Depois de muito errar e destruir e reconstruir a garagem (já sem o quarto), eu digo para ele que não precisávamos brincar com todos os carrinhos de uma vez, um desejo que posteriormente entendi que era meu, mas que aparecia a partir encontro com ele. Parece-me que as indas e vindas, as construções e reconstruções apontavam para uma apropriação de José do seu desejo. Ele entendeu meu pedido pois estava também muito atento ao meu desejo, e decidiu ficar com apenas alguns carrinhos. Porém, conseguiu manter outros objetos que pudessem dificultar e modificar esse campo: além do dele, dois caminhões para buscar terra para as obras e mais dois carrinhos. Fui dirigir o outro caminhão mas ele me pediu para apenas ficar no portão enquanto ele levava os dois caminhões. Logo retornou com os dois caminhões cheios de terra, tão cheios que a terra caia no meio do caminho. Ao estacionar, ele derrubou mais terra na garagem. Era como se tudo estivesse mudando, sendo ampliado, construído mais rápido do que eu havia imaginado e ele conseguia fazer essas mudanças com muita facilidade enquanto eu me sentia um pouco desnorteada. No movimento de alienação- separação, o momento de separação acontece quando a criança se lança para seu próprio enigma, para ir além de responder sobre o desejo do Outro, para se questionar sobre seu próprio desejo. José dava sinais desse movimento e eu senti os efeitos disso quando me sentia sem lugar ali com ele, como se ele já pudesse se haver com a questão sobre seu desejo. Nesse dia ele me pediu para levar o caminhão.

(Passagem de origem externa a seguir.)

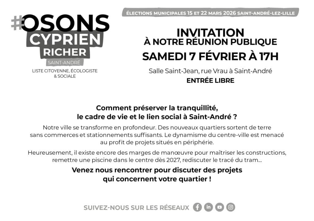 Le mouvement #Osons Saint-André, c’est une histoire habitante et militante originale, ancrée dans les valeurs de l’écologie populaire et de la démocratie directe. Nous rassemblons des habitants engagés dans la vie associative et citoyenne, animés par l’envie de donner un nouveau souffle à notre ville. Avec 7 élu-e-s au Conseil municipal depuis 2020, l’expérience de ce mandat nous motive à porter avec vous un projet collectif aux prochaines élections pour assurer – enfin – une alternance politique en 2026.

No encontro seguinte, ele decidiu não brincar com todos os carrinhos, mesmo sabendo que todos ainda estavam lá. “Não precisa né tia?”. Apontando o

lugar que ele ocupava frente a seu desejo, ele decidiu brincar com o carrinho dele e com mais dois, dizendo que um dos carros era o meu. Pela primeira vez ele me deixou dirigir um carro e decidir junto com ele o que faríamos. O carro que ele me deu estava quebrado no teto, e ele pediu que eu levasse no mecânico para consertar. Dessa vez ele foi o mecânico e consertou meu carro. Depois, ele me disse que não precisava guardar o carro, pois ele guardaria pra mim. Pediu para eu ficar no portão olhando enquanto ele guardava os três carros. Nesse dia eu brinquei de ir ao mercado, no salão de cabelereiros, na padaria, no posto e ele também ia fazendo outras coisas ao mesmo tempo. No final, avisei a ele que teríamos apenas mais um encontro e ele pareceu não dar muita atenção ao fato. Nessa passagem, quando ele se dá conta do movimento em que ele precisa seguir em frente, ele me permite também fazer o mesmo, ou seja, ele já pode lidar com mais carrinhos e até mesmo consertar o meu, mas me deixa também fazer outras coisas e me cuidar, me ocupar de outras atividades. Na hora de guardar os carros eu ainda precisava estar no portão para garantir a entrada, mas ela já me dizia que podia fazer algumas coisas sozinho e me apontava que eu também devia fazer o mesmo.